Business News


In Business News this week: foreign investment in the Czech Republic rises to pre-crisis levels; the country’s grey economy amounts to 565 billion crowns; the Transport Ministry plans to raise road toll by 25 pct next year; decrease of new cars’ prices in the Czech Republic are among fastest in Europe; debts of Czech household keep rising and are more difficult to collect; and the famed Czech distiller Rudolf Jelínek is moving its headquarters to Holland.

Foreign investment in Czech Republic rises to pre-crisis levels

Photo: Štěpánka Budková
The volume of direct foreign investment in the Czech Republic amounted last year to around 113 billion crowns, or more than 6.67 billion dollars, which was 56 percent more than the year before, according to a report by the United Nations Conference on Trade and Development released on Friday. Meanwhile, Czech firms invested some 28.4 billion crowns abroad in 2010, according to the Czechinvest agency. Among the four Visegrad nations, the Czech Republic was only surpassed by Poland. Czech Industry and Trade Minister Martin Kocourek said the volume of foreign investment returned to pre-crisis levels. However, the UN agency warned that future investment in the country might be threatened by inflation and fiscal imbalance.

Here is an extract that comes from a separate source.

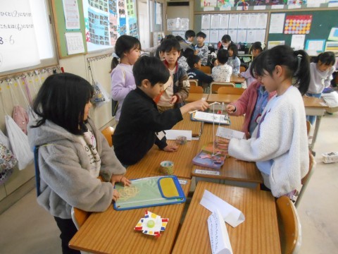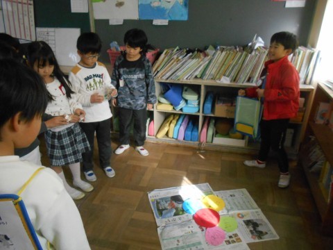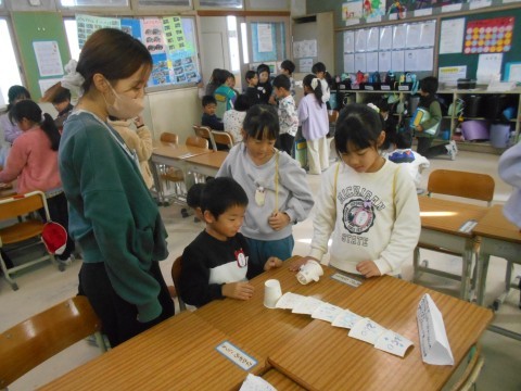 2年生(ピンクの名札)が1年生(赤い名札)に優しく遊び方を説明する姿がいたるところで見られました♪

Czech Republic’s grey economy amounts to 565 billion crowns

Photo: Barbora Kmentová
Grey economy in the Czech Republic amounts to 565 billion crowns, or over 33.3 billion US dollars, which represents a 17 percent share in the country’s economy, the Czech business daily E15 reported on Friday quoting a study by Visa Europe and the consultancy A.T. Kearny. Despite the high numbers, however, the country’s unofficial economy is smaller than the EU average of 20 percent. The study expects the grey economy to grow in the coming years, mainly due to hikes in VAT and income tax as well as decreasing social benefits.

Transport ministry to raise road toll by 25 pct next year

The Transport Ministry is planning to increase the toll on Czech roads by 25 percent next year, the daily Hospodářské noviny reported on Thursday. The increase should bring another two billion crowns into the ministry’s budget, affected by the government austerity measures. The ministry also plans to raise the price of the annual highway pass for personal vehicles, from 1,200 to 1,500 crowns, or over 88 US dollars. That should generate additional 700 million crowns for the ministry. However, the Czech Automobile Association called the plan “a provocation” as Czech roads are among the worst in Europe.

Decrease of new cars’ prices among fastest in Europe

Photo: European Commission
Prices of new cars in the Czech Republic decreased by 9 percent last year, which was among the biggest drops in Europe, the European Commission said on Tuesday. In the whole of the European Union, new cars prices declined on average by 2.5 percent. However, cars makers have warned prices would not go down any more; the Czech-based, German-owned manufacturer Škoda Auto announced a 1 percent hike in the prices of their Fabia, Octavia, Superb and Yetti models which is to take effect in August.

Czech households’ debts up in June to 1.08 trillion crowns

Debts of Czech households with banks and other financial institutions rose by 7.3 billion crowns in June to 1.081 trillion crowns, or more than 63.7 billion US dollars, the Czech National Bank said on Friday. Over the past year, the households’ debts rose by 69 billion crowns. The Czech Statistical Office has warned that expenses of most Czech households grow faster than their incomes; only 40 percent of them would be able to pay an unexpected expense of 8,500 crowns. It is also becoming increasingly difficult to collect debts from those unable to pay; several large Czech debt colleting agencies have complained about a sharp increase in cases that end up in court.

Czech distiller Rudolf Jelínek moves its headquarters to Holland

The largest Czech distiller Rudolf Jelínek is moving its headquarters to the Netherlands, the daily E15 reported on Tuesday. The head of the company’s board, Zdeněk Chromý, said the main reasons behind the move included a higher level of protection, a better position for negotiations with the company’s partners on supplies and acquisitions, as well as a more stable legal environment. Rudolf Jelínek follows several large and medium-sized Czech firms including PPF, NWR and Zentiva who have also established their headquarters in the Netherlands. Last year, the firm adopted a holding structure and now owns distillers in Bulgaria, Romania and Chile. However, the firm says it has no plans to close down its original plant in the Moravian town of Vizovice.